→ **Raw data**
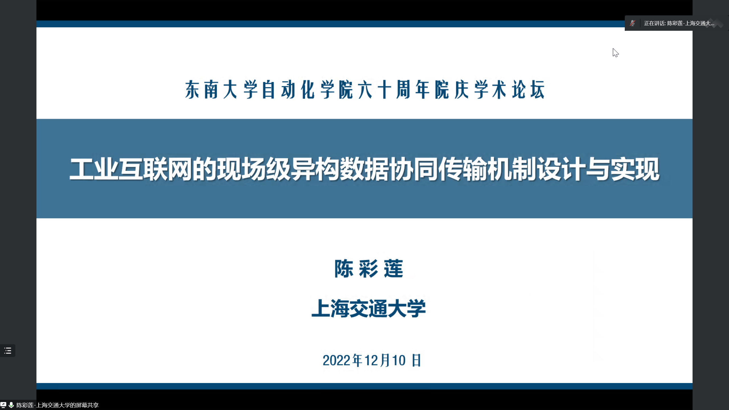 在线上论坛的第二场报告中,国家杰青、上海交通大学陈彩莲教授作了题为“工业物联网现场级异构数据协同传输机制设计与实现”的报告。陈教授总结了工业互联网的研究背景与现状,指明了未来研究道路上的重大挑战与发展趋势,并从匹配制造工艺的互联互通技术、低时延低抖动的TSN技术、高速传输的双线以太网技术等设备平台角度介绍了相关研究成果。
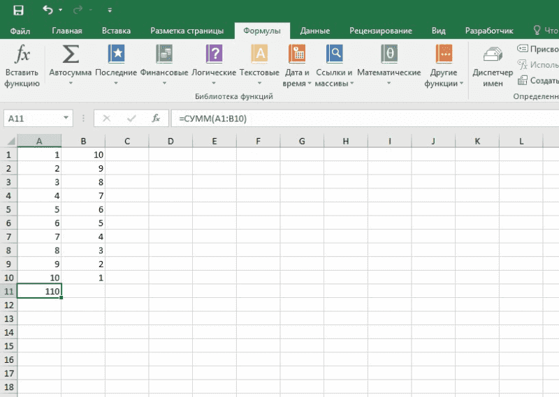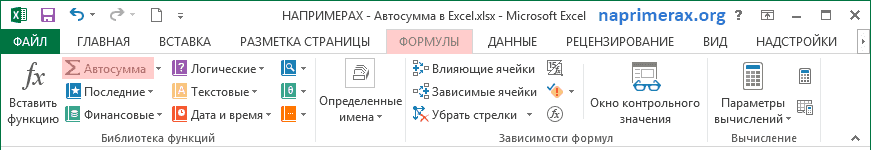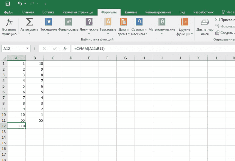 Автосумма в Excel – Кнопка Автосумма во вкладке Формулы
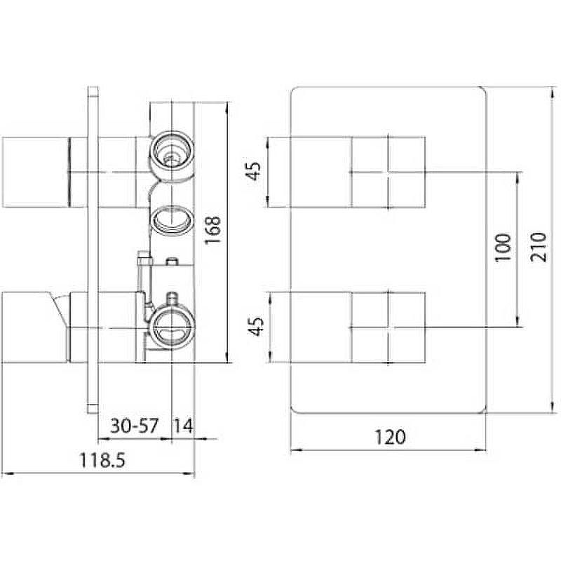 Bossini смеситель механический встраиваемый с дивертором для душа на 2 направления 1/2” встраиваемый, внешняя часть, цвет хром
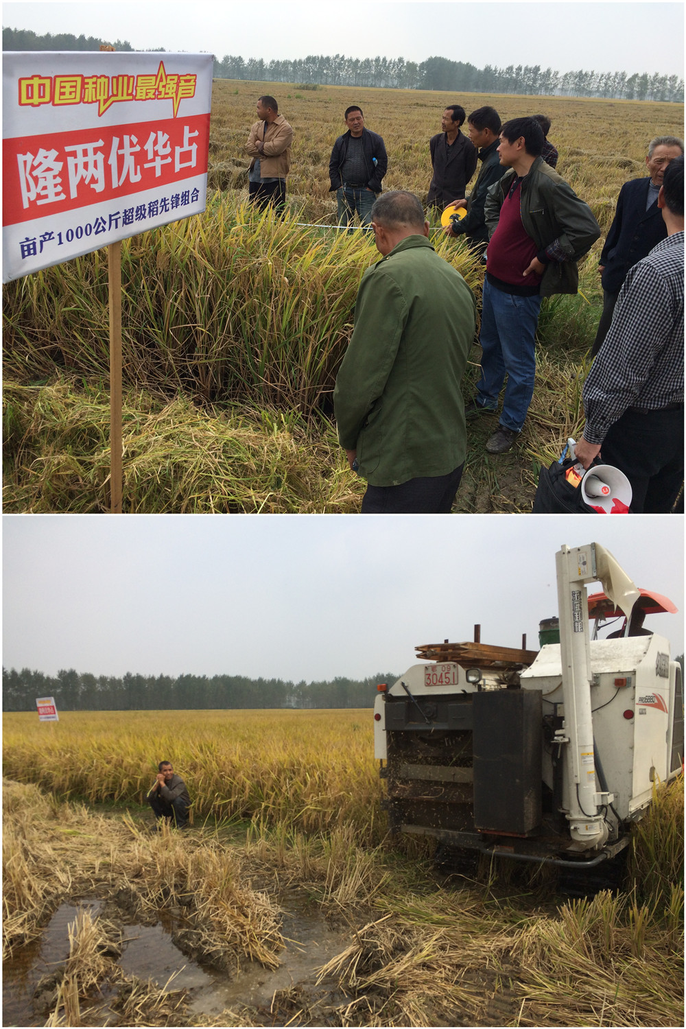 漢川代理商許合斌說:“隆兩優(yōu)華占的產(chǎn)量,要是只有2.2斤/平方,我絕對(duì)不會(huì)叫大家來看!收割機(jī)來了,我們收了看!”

→ **Work request**
Starting at the top of the listing above, please restate word for word each line up to and including the one that holds "Автосумма в Excel", omitting every image.

→ **Solution to this problem**
 在线上论坛的第二场报告中,国家杰青、上海交通大学陈彩莲教授作了题为“工业物联网现场级异构数据协同传输机制设计与实现”的报告。陈教授总结了工业互联网的研究背景与现状,指明了未来研究道路上的重大挑战与发展趋势,并从匹配制造工艺的互联互通技术、低时延低抖动的TSN技术、高速传输的双线以太网技术等设备平台角度介绍了相关研究成果。
 Автосумма в Excel – Кнопка Автосумма во вкладке Формулы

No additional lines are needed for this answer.